Alas, I haven't said a word about Python... :)
Depends on what you define by regex. If you allow operators of concatenation, alternative and Kleene-star, the time can actually be O(m*n+m), where m is size of a regex and n is length of the string. You do it by constructing a NFA (that is linear in m), and then simulating it by maintaining the set of states you're in and updating that (in O(m)) for every letter of input.
Things that make regex parsing difficult:
parentheses and backreferences: capturing is still OK with the aforementioned algorithm, although it would get the complexity higher, so it might be infeasable. Backreferences raise the recognition power of the regex, and its difficulty is well
positive look-ahead: is just another name for intersection, which raises the complexity of the aforementioned algorithm to O(m^2+n)
negative look-ahead: a disaster for constructing the automaton (O(2^m), possibly PSPACE-complete). But should still be possible to tackle with the dynamic algorithm in something like O(n^2*m)
Note that with a concrete implementation, things might get better or worse. As a rule of thumb, simple features should be fast enough, and unambiguous (eg. not like a*a*) regexes are better.

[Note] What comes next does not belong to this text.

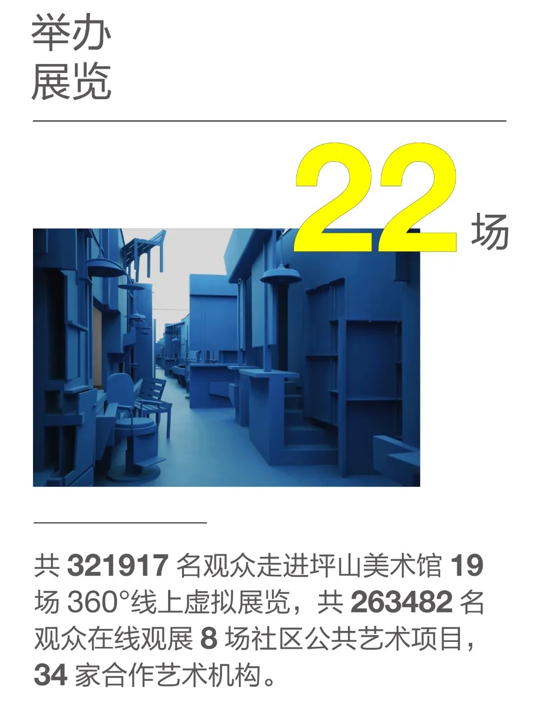 坪山美术馆不仅持续举办重要的国内外艺术展,倡导高质量的跨界,建立艺术、建筑和设计的连接点,而且以多种形式的学术活动与公共美育,立足坪山在地文化的现实情境,与时代脉搏相共振,强调跨学科、区域和国际对话,着力推动美术馆在当代文化现场的价值建构和文化塑造。推出数字美术馆,通过线上虚拟展示和线下实境增强的形式丰富观众体验与品牌输出。2020年和2021年,坪山美术馆连续两年入选专业媒体评出的国内当代美术馆前十名榜单。

To delve into theprise's answer, for the construction of the automaton, O(2^m) is the worst case, though it really depends on the form of the regular expression (for a very simple one that matches a word, it's in O(m), using for example the Knuth-Morris-Pratt algorithm).
Depends on the implementation. What language/library/class? There may be a best case, but it would be very specific to the number of features in the implementation.
You can trade space for speed by building a nondeterministic finite automaton instead of a DFA. This can be traversed in linear time. Of course, in the worst case this could need O(2^m) space. I'd expect the tradeoff to be worth it.
If you're after matching and substitution, that implies grouping and backreferences.
Here is a perl example where grouping and backreferences can be used to solve an NP complete problem:
http://perl.plover.com/NPC/NPC-3SAT.html
This (coupled with a few other theoretical tidbits) means that using regular expressions for matching and substitution is NP-complete.
Note that this is different from the formal definition of a regular expression - which don't have the notion of grouping - and match in polynomial time as described by the other answers.
In python's re library, even if a regex is compiled, the complexity can still be exponential (in string length) in some cases, as it is not built on DFA. Some references here, here or here.